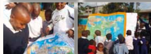
Výukové pomůcky vyrobené dětmi v ČR pro keňské školy
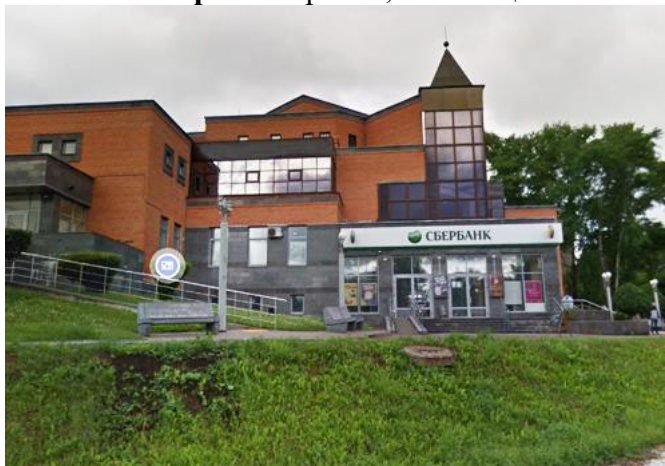
Старт - Сбербанк, К-Чепецк
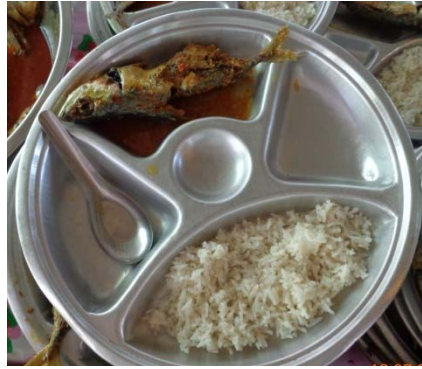
อาหารกลางวันของเด็กนักเรียน

3.4 รายการอาหารกลางวันของโรงเรียนบ้านหนองปลิงโรงเรียนจัดทำเองทั้งหมด โดยมีรายการอาหารที่วางแผนล่วงหน้าเป็นรายสัปดาห์ จากรายการอาหารใน 1 สัปดาห์ที่ผ่านมา อาหารหลักมีทั้งข้าวสวย และอาหารจานเดียว เมนูอาหารไม่มีเลือดและตับเป็นส่วนประกอบ มีไข่ 1 วัน มีผักทุกวัน มีผลไม้ 2 วัน และใน 1 สัปดาห์ไม่มีเมนูซ้ำ (ตารางที่ 6)
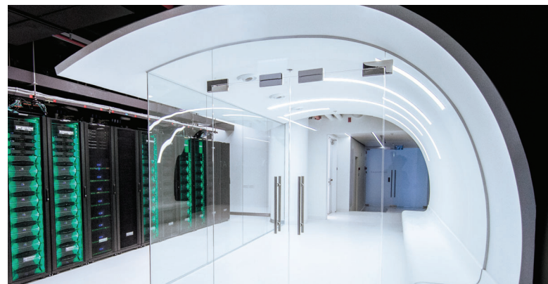
Il laboratorio QA a Herzliya, in Israele
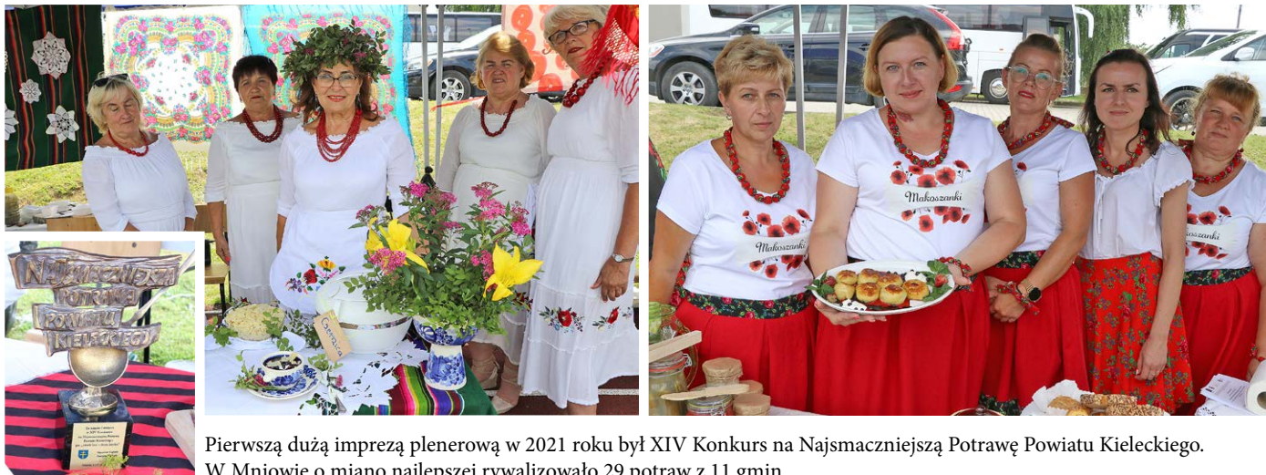
Pierwszą dużą imprezą plenerową w 2021 roku był XIV Konkurs na Najsmaczniejszą Potrawę Powiatu Kieleckiego. W Mniowie o miano najlepszej rywalizowało 29 potraw z 11 gmin.
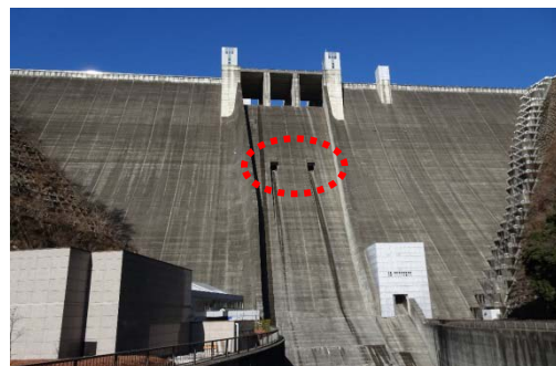
高位常用洪水吐の位置 (囲み部分)
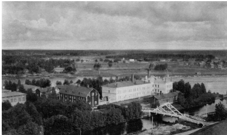
Kuva 2: Lasaretinsaaren lääninsairaala 20-luvulla.

Kilpailun kohteena oleva kaunis Lasaretin puistomainen alue sijaitsee Myllytullin kaupunginosassa, Oulujoen varressa, Ainolanpuiston ja Hupisaarten puistoalueen kainalossa, aivan lohিপatojen vieressä. Lasaretinsaaren historialliset rakennukset ja maisemakokonaisuus luovat alueelle omaleimaisen ilmeen. Lasaretin alue on yksi Pohjois-Pohjanmaan merkittävimmistä kulttuurihistoriallisista kohteista.
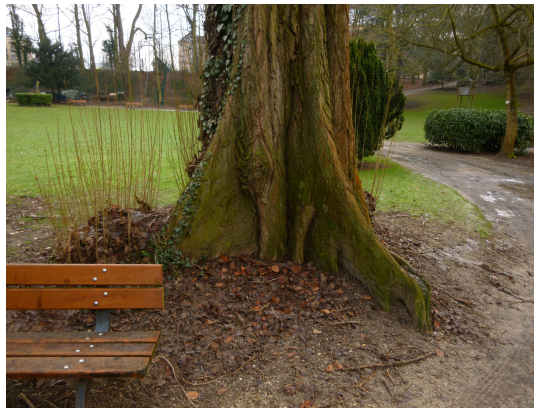
Italiaanse populier, Marie-Josépark

Prunus x syriaca 'Rubescens' St.- Jans - Molenbeek Ferdinand Elbersstraat, 20

● ● ● ● ●

## Task item
The records above need to be reproduced exactly, with all images omitted.

## Task response
Výukové pomůcky vyrobené dětmi v ČR pro keňské školy
Старт - Сбербанк, К-Чепецк
อาหารกลางวันของเด็กนักเรียน

3.4 รายการอาหารกลางวันของโรงเรียนบ้านหนองปลิงโรงเรียนจัดทำเองทั้งหมด โดยมีรายการอาหารที่วางแผนล่วงหน้าเป็นรายสัปดาห์ จากรายการอาหารใน 1 สัปดาห์ที่ผ่านมา อาหารหลักมีทั้งข้าวสวย และอาหารจานเดียว เมนูอาหารไม่มีเลือดและตับเป็นส่วนประกอบ มีไข่ 1 วัน มีผักทุกวัน มีผลไม้ 2 วัน และใน 1 สัปดาห์ไม่มีเมนูซ้ำ (ตารางที่ 6)
Il laboratorio QA a Herzliya, in Israele
Pierwszą dużą imprezą plenerową w 2021 roku był XIV Konkurs na Najsmaczniejszą Potrawę Powiatu Kieleckiego. W Mniowie o miano najlepszej rywalizowało 29 potraw z 11 gmin.
高位常用洪水吐の位置 (囲み部分)
Kuva 2: Lasaretinsaaren lääninsairaala 20-luvulla.

Kilpailun kohteena oleva kaunis Lasaretin puistomainen alue sijaitsee Myllytullin kaupunginosassa, Oulujoen varressa, Ainolanpuiston ja Hupisaarten puistoalueen kainalossa, aivan lohিপatojen vieressä. Lasaretinsaaren historialliset rakennukset ja maisemakokonaisuus luovat alueelle omaleimaisen ilmeen. Lasaretin alue on yksi Pohjois-Pohjanmaan merkittävimmistä kulttuurihistoriallisista kohteista.
Italiaanse populier, Marie-Josépark

Prunus x syriaca 'Rubescens' St.- Jans - Molenbeek Ferdinand Elbersstraat, 20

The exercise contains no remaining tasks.